3. Par sa requête, enregistrée le 17 février 2026, M. B... demande au tribunal de procéder à l’annulation de la décision d’expulsion prise à son encontre par le préfet de la Haute-Garonne. Toutefois, il ne produit que le bulletin de notification d’une procédure d’expulsion daté du 15 janvier 2026, adopté en application des dispositions précitées de l’article R. 632-3 du code de l’entrée et du séjour des étrangers et du droit d’asile et valant convocation devant la commission départementale d’expulsion qui doit se tenir le jeudi 12 février 2026 à 14h00 à la préfecture de la Haute-Garonne. Il en résulte que M. B..., qui au demeurant n’établit ni même n’allègue qu’il aurait été entendu par la commission départementale d’expulsion, doit d’abord attendre que le préfet de la Haute-Garonne, le cas échéant, lui notifie une décision d’expulsion prise après avis de cette commission, décision qui pourra seule être déférée au juge administratif. Par suite, sa requête, prématurée, est manifestement irrecevable et peut être rejetée par ordonnance en application des dispositions précitées de l’article R. 222-1 du code de justice administrative.


O R D O N N E :


Article 1er : La requête de M. B... est rejetée.
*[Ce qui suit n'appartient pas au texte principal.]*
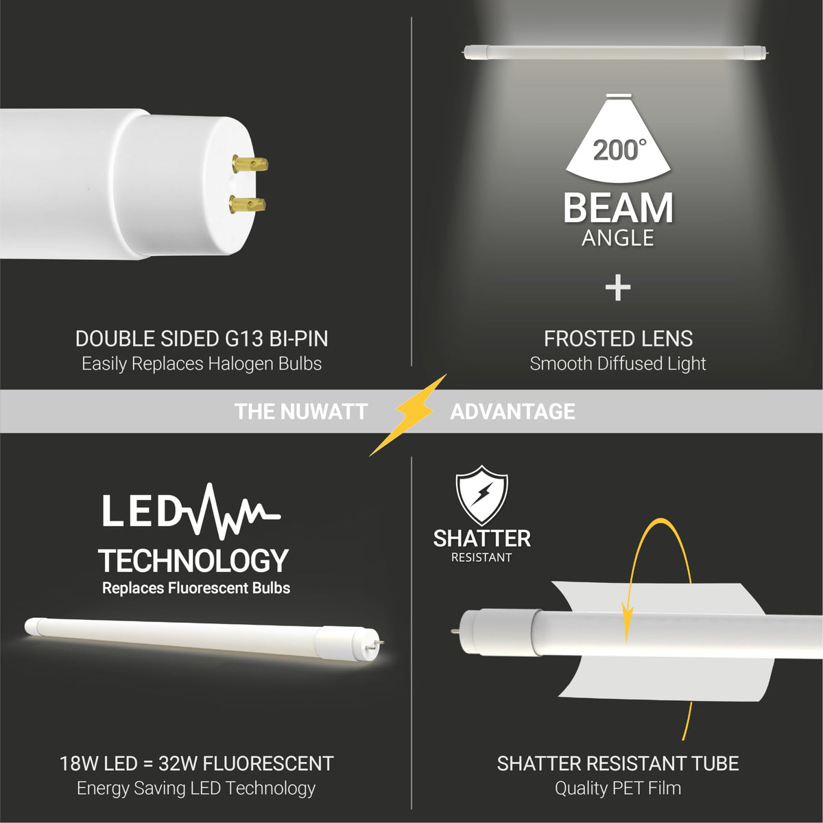 Q: Are these LED tube lights safe and durable?A: Yes, the NuWatt LED tube lights are engineered with a shatterproof design, featuring robust glass construction covered by a protective PET film. This enhances safety and durability, making them suitable for various environments.

Article 2 : La présente ordonnance sera notifiée à M. A... B....

Fait à Toulouse, le 24 mars 2026.


La présidente de la 1ère chambre,





Sylvie Cherrier


La République mande et ordonne au préfet de la Haute-Garonne, en ce qui le concerne ou à tous commissaires de justice à ce requis en ce qui concerne les voies de droit commun contre les parties privées, de pourvoir à l’exécution de la présente décision.